**Problem to work on:**
Copy each entry precisely as written, and do not carry over the pictures.

**Excerpted data:**
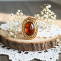 Dieser ovale, vergoldete Ring mit Bernstein-Effekt ist ein markantes und elegantes Schmuckstück, das sofort ins Auge fällt. Sein ausdrucksstarkes Design präsentiert einen Harzstein in Bernstein-Optik mit warmen Reflexen, der von einem gehämmerten Goldband umrahmt wird und ihm einen charmanten Vintage-Look mit raffiniertem Touch verleiht.
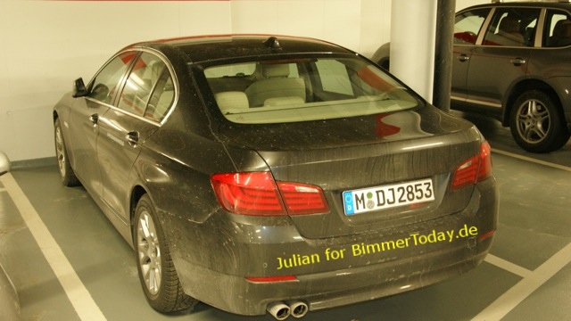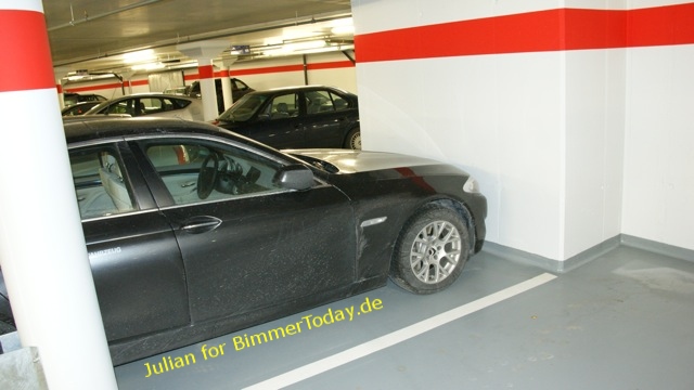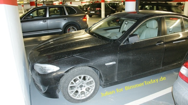 Unser Leser Julian hat in einem Parkhaus in der Schweiz einen BMW 5er F10 gesehen und ein paar Fotos gemacht, die uns die neue Limousine erstmals in Schwarz zeigen. Die Spuren der winterlichen Verschmutzung sind unverkennbar und der Fahrer hat offensichtlich kein Interesse daran, dass das Fahrzeug einen sonderlich gepflegten Eindruck macht. Durch das extrem nahe Parken an der Wand hat er leider erfolgreich verhindert, dass wir ein Foto der Front erhalten haben.
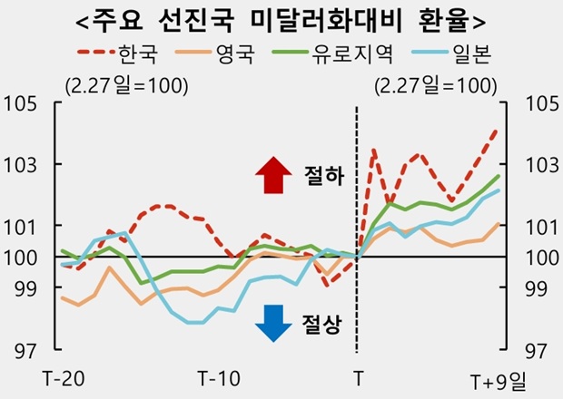 [도표 9] 주요 선진국 미 달러화 대비 환율 (T=2월 27일)
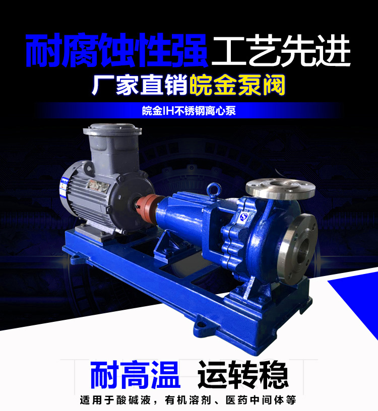 IH型化工泵是單級單吸懸臂式離心泵,其標記額定性能點和尺寸等效采用國際標準ISO2858-1975(E),是一種用以取代F型耐腐蝕泵更新?lián)Q代的節(jié)能產(chǎn)品,適用于化工、石油、冶金、電站、食品、制藥、合成纖維等部門輸送溫度在-20℃~105℃的腐蝕性介質(zhì)或物理、化學性能類似于水的介質(zhì)。
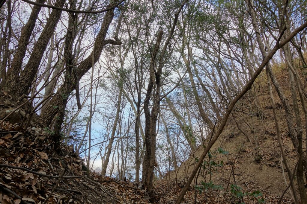 頂上手前で突然、大堀切に行く手を阻まれた。『岡山県中世城館跡総合調査報告書(備前編)』によれば、深さは約8mを測るという。斜面に茂る木をつかみながら堀底から上がったが、その当時なら守備兵の射掛ける矢でたちまち転げ落ちたに違いない。

**Answer to the exercise:**
 Dieser ovale, vergoldete Ring mit Bernstein-Effekt ist ein markantes und elegantes Schmuckstück, das sofort ins Auge fällt. Sein ausdrucksstarkes Design präsentiert einen Harzstein in Bernstein-Optik mit warmen Reflexen, der von einem gehämmerten Goldband umrahmt wird und ihm einen charmanten Vintage-Look mit raffiniertem Touch verleiht.
 Unser Leser Julian hat in einem Parkhaus in der Schweiz einen BMW 5er F10 gesehen und ein paar Fotos gemacht, die uns die neue Limousine erstmals in Schwarz zeigen. Die Spuren der winterlichen Verschmutzung sind unverkennbar und der Fahrer hat offensichtlich kein Interesse daran, dass das Fahrzeug einen sonderlich gepflegten Eindruck macht. Durch das extrem nahe Parken an der Wand hat er leider erfolgreich verhindert, dass wir ein Foto der Front erhalten haben.
 [도표 9] 주요 선진국 미 달러화 대비 환율 (T=2월 27일)
 IH型化工泵是單級單吸懸臂式離心泵,其標記額定性能點和尺寸等效采用國際標準ISO2858-1975(E),是一種用以取代F型耐腐蝕泵更新?lián)Q代的節(jié)能產(chǎn)品,適用于化工、石油、冶金、電站、食品、制藥、合成纖維等部門輸送溫度在-20℃~105℃的腐蝕性介質(zhì)或物理、化學性能類似于水的介質(zhì)。
 頂上手前で突然、大堀切に行く手を阻まれた。『岡山県中世城館跡総合調査報告書(備前編)』によれば、深さは約8mを測るという。斜面に茂る木をつかみながら堀底から上がったが、その当時なら守備兵の射掛ける矢でたちまち転げ落ちたに違いない。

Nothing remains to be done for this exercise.